The Plantationocene has been adopted by some scholars, but remains somewhat controversial. Various academics have rejected it for differing reasons: some claim that any alternative to the Anthropocene is unnecessary, while others claim that the Plantationocene inadequately considers Black and Indigenous realities and scholarship on the lasting impacts of plantations, and some reject the -cene framings of modernity as a well-defined geological epoch entirely.

== Origin of the term Plantationocene ==
Plantationocene was coined in October 2014, during a recorded conversation between anthropologist Anna L. Tsing, feminist science and consciousness scholar Donna Haraway, cultural and landscape geographer Kenneth Olwig, anthropologist Noburu Ishikawa, and interdisciplinary biologist in epigenetics Scott Gilbert. The conversation was organized and facilitated by editor Nils Bubandt. The conversation discussed the idea of the Anthropocene, a proposed geological epoch which highlights the way human activity has impacted the global environment, as well as the alternative Capitalocene which centers capitalism as the core driver of climate change.

The Plantationocene was proposed as a potential addition. The term posits that the plantation system and its long-term impacts on politics, the economy, and society is the transition which resulted in the current level of global climate change, citing the fact that the plantation predates capitalism.
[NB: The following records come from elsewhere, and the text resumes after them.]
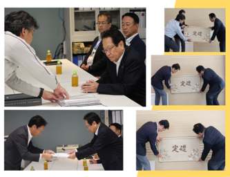 新庁舎にて新庁舎竣工書類等引渡し式を行ない、市長が出席しました。竹中・石本・セット設計特定建設共同企業体の皆さんを始めとし、工事に携わっていただいた関係者の皆さんに御尽力をいただき、無事新庁舎が完成いたしました。設計は令和3年4月から取り組み、工期としては令和4年12月から令和6年9月までの22か月という期間、事業を進めていただきました。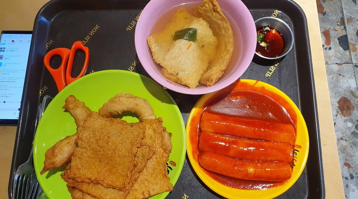 이곳은 A세트(10,500원), B세트(10,500원), 떡볶이 (3개)(3,200원), 오징어튀김 (3개)(3,700원), 오뎅 (3개)(3,000원) 등의 메뉴를 제공하고 있습니다.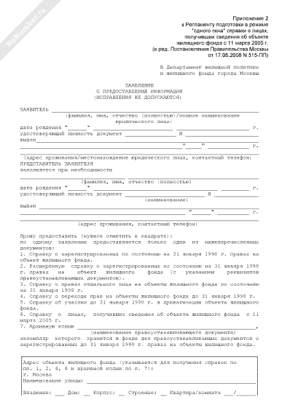 - 1857Заявление о предоставлении информации о лицах, получивших сведения об объекте жилищного фонда с 11 марта 2005 г. в режиме «одного окна» по городу Москве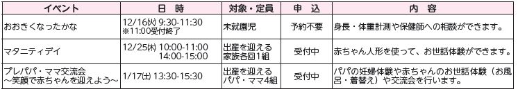 日時:12月16日(火)~19日(金)各日9:30-11:30、13:30-15:30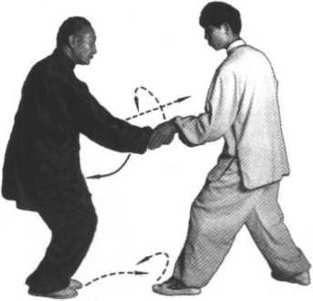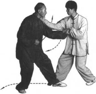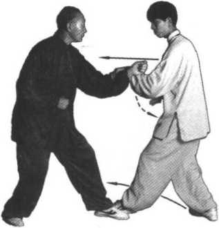 (1) 甲的并步崩拳再次被阻截,紧接着又是一个顺步左崩 拳,乙见甲步步紧追,不宜再退,即右脚后撤半步,左脚亦随之 后撤,脚尖外摆,重心偏于左脚;同时,稍翕身下蹲,左掌随撤 步后抽,紧接着挑缠甲之左小臂,向左侧刁捋,使其失重前倾, 柔化其进击(同图4-14)o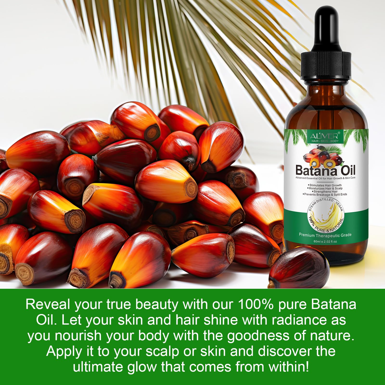 Batana Oil for Hair Growth, Natural Batana Oil, Prevents Hair Loss, eliminates Split Ends & Increases Shine, Batana Oil for Healthier, Thicker, Fuller Hair 60ML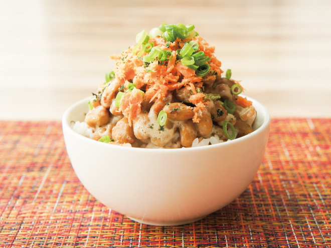 納豆(丹念納豆)、ネギ、鮭フレーク、わさびふりかけ、麦ご飯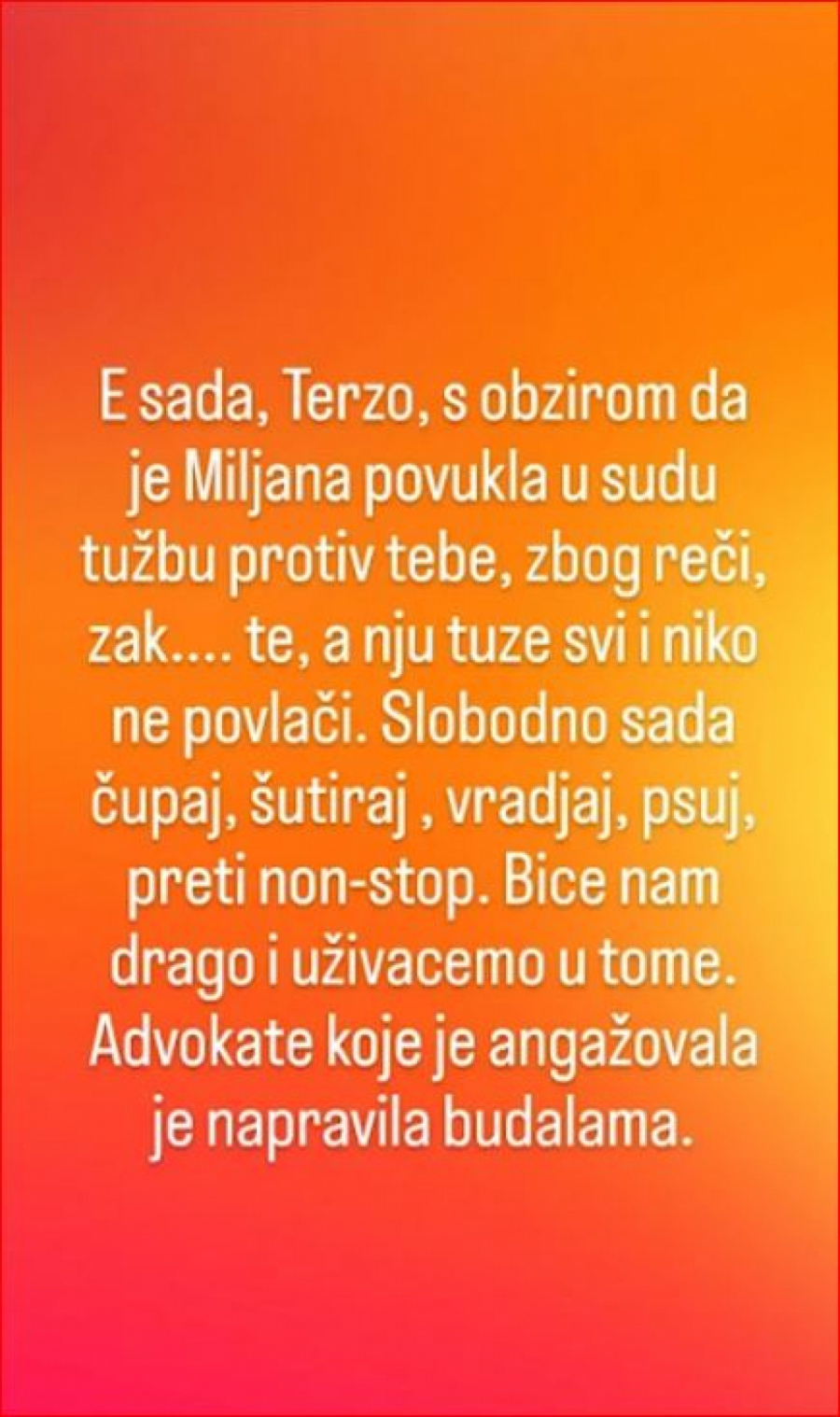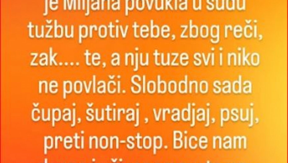 - E sada, Terza, s obzirom na to da je Miljana povukla tužbu na sudu protiv tebe, zbog reči z****u te, a nju tuže svi i niko ne povlači, ti slobodno sada čupaj, šutiraj, vređaj, psuj, preti non-stop. Biće nam drago i uživaćemo u tome. Advokate koje je angažovala je napravila budalama - napisala je Marija na svom Instagram profilu.

However, Haraway et al. did not adopt the term as an outright replacement for other concepts—namely the Anthropocene, Capitalocene, or Chthulucene (also coined by Donna Haraway)—rather as a supplementary "story" with which to theorize about the current and past world.

== Plantationocene and other proposed -cene concepts ==
The Plantationocene was proposed not as an epoch in itself, but as a transitional period from the Holocene to the current era and what will come after it. Haraway et al. consider the Anthropocene and Capitalocene to equivalently represent transitions between epochs, and not geological epochs in themselves, though other scholars do not always share this opinion. No specific start date to the transition referred to by the Plantationocene has been proposed, unlike the Anthropocene. The Plantationocene exists in conversation with these and other proposed epochs or transitional stages which have taken on the -cene suffix.
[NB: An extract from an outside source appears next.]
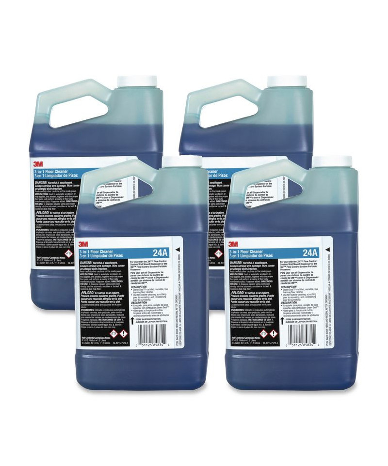 Maintain cleaner, healthier floors with 3M™ 3-in-1 Floor Cleaner Concentrate 24A, your all-in-one solution for efficient, professional-grade floor care. This Green Seal Certified™ cleaner is formulated for a variety of floor maintenance tasks—daily cleaning, deep scrubbing before recoating, and preparing surfaces for burnishing. Its low-foaming formula is ideal for automatic scrubbers and mop-on applications, saving time and effort across commercial or industrial cleaning jobs. With a powerful yet gentle formulation, it won't damage floor finishes and requires no rinsing, helping to streamline your cleaning process and reduce labor costs. It effectively eliminates salt and quat residue build-up, leaving behind a clean, fresh scent and spotless shine. Designed to work seamlessly with the 3M™ Flow Control Chemical Management System, this 0.5-gallon concentrate bottle provides up to 132 gallons of ready-to-use solution thanks to a precise 1:256 dilution ratio.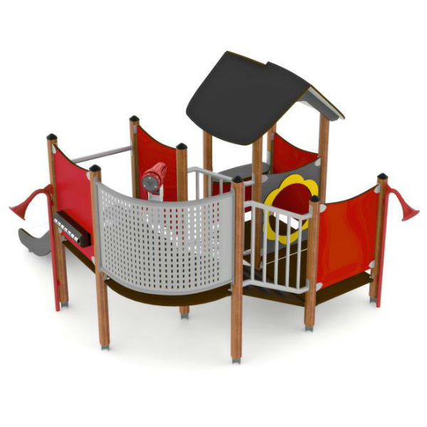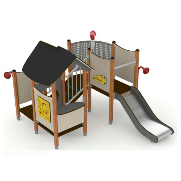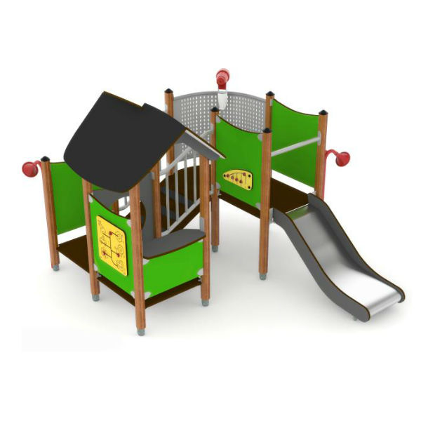 Försedd med både ruschbana, plastteleskop, talrör, sorteringsspel, butikslucka, parspel och lekskärm gör att lekställningen till det ultimata platsen för leksugna barn.

The Anthropocene was the first proposed and has garnered the most public attention. The Anthropocene is also notable for being proposed by a natural scientist, whereas alternative epoch monikers have generally been suggested by social scientists, as well as for being the only -cene concept to be proposed as a legitimate addition to geological time scales. Many critics have taken issue with the term Anthropocene, claiming that it overly generalizes all humans as being equally responsible for/equally impacted by climate change. These critics claim that specific processes led by specific people, such as colonialism, capitalism, and/or industrialization, have caused the bulk of environmental change and that descriptors of the current time period should reflect this. Most other proposals for related concepts using the -cene suffix were born from these criticisms. One such proposal is the Capitalocene, coined by Andreas Malm and used by a number of Marxist climate scholars. This proposal aims to address criticisms that the Anthropocene places all of humanity at fault for climate change, instead centering the actions of capitalists and capitalist logic of infinite economic growth as the root cause for environmental damage. The Plantationocene in turn emerges from the Capitalocene idea, in an attempt to account for the fact that settler-colonialism, plantation agriculture, and chattel slavery all predate capitalism by most economic timelines.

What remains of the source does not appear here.